Они вошли во дворец. В гостиной, где вчера кипел веселый пир, на столе лежал великий князь. Словен подошел поближе. Лицо Велемудра было спокойно, но несколько отстраненно, будто он был обижен на всех и намеренно не хотел ни с кем иметь дела. Смерть нисколько не тронула его, не изменила; казалось, он откроет сейчас глаза, вздохнет глубоко, встанет и пойдет по своим делам. И в какое-то мгновенье Словен в это поверил, потому что человек долгое время не может примириться с мыслью об уходе близкого человека в вечность, ему кажется, что возможно чудесное возвращение…
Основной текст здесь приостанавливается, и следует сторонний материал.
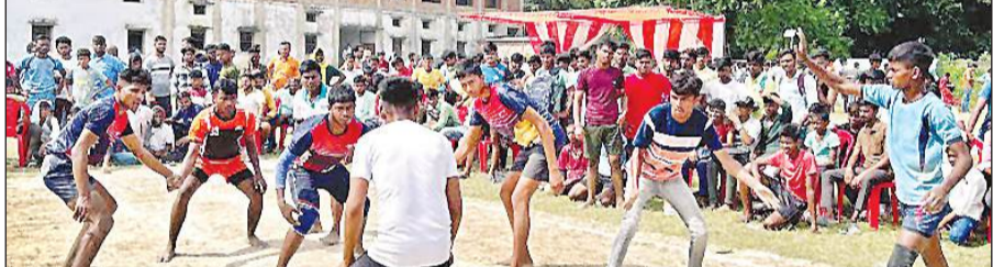
कबड्डी प्रतियोगिता में एक दूसरे पर दम खम आजमाते खिलाड़ी।

Вокруг тела покойного собралась большая толпа. Все стояли молча, потрясенные свалившимся горем. Недалеко от себя Словен увидел Бажену и боярина Изяслава. Лицо боярина было будто каменное, а девушка часто утирала наполнявшиеся слезами глаза. И тут Словену произошедшая вчера ссора показалась такой мелкой, настолько никчемной, что он чуть не застонал от охватившего его раскаяния и угрызения совести; он понял, как был мелочен и суетен, ничтожен и вздорен, а главное, понимал всю неправоту и все же стоял на своем. Он – обыкновенная, заурядная, ничем не примечательная личность по сравнению с тем, кто ушел в вечность…
Недолго постояв, Словен вышел из дворца, остановился на крыльце, невидящим взглядом стал смотреть вдаль. К нему подошел Изяслав.
– Князь, – сказал он тихим голосом, – в этот печальный для нас всех день… Я погорячился вчера, а потому прошу прощения.
Словен был покорен благородством и прямотой боярина. Не раздумывая, подал ему руку:
– Ты меня тоже прости, что я так непродуманно и опрометчиво поступил на состязании.
Они обменялись крепким пожатием и разошлись. Словен направился во дворец и в прихожей лицом к лицу столкнулся с Бранибором.
– Князь, – сказал Бранибор, – я должен тебе сообщить что-то очень важное. Зайдем в эту горницу, там как раз Брячислав.
Брячислав сидел за столом, перед ним кувшин вина и скромная закуска – куски мяса и хлеб.
– Садись, Словен, – пригласил он. – Помянем нашего правителя Велемудра.
Они налили себе в бокалы, выпили, закусили.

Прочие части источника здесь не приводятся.